SOURCE MATERIAL Block Start
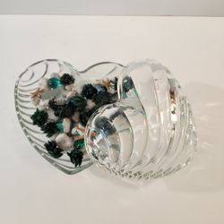 Vtg. Heart Shape Swirl Pattern Clear Glass Candy Jewelry Trinket Dish & Sea Bits$12Lake Forest, CA
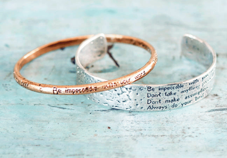 The universe answered with a collaboration with Janet Mills and don Miguel Ruiz for the best-selling book The Four Agreements. I created a line of jewelry engraved with all of The Four Agreements on it and through the medium of jewelry, I create wearable touchstones for this incredible wisdom to help others transform their own lives and relationships in positive ways.
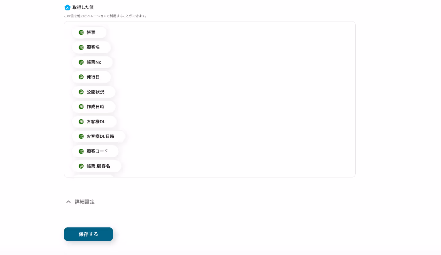 これで、【楽楽明細で帳票が発行されたら帳票情報をMicrosoft Excelのデータベースに追加する】というフローが完成しました。
SOURCE MATERIAL Block End
Reproduce word for word only the lines between the line containing "The universe answered" and the end of the listing above, both included, and drop any pictures.

YOUR RESPONSE:
 The universe answered with a collaboration with Janet Mills and don Miguel Ruiz for the best-selling book The Four Agreements. I created a line of jewelry engraved with all of The Four Agreements on it and through the medium of jewelry, I create wearable touchstones for this incredible wisdom to help others transform their own lives and relationships in positive ways.
 これで、【楽楽明細で帳票が発行されたら帳票情報をMicrosoft Excelのデータベースに追加する】というフローが完成しました。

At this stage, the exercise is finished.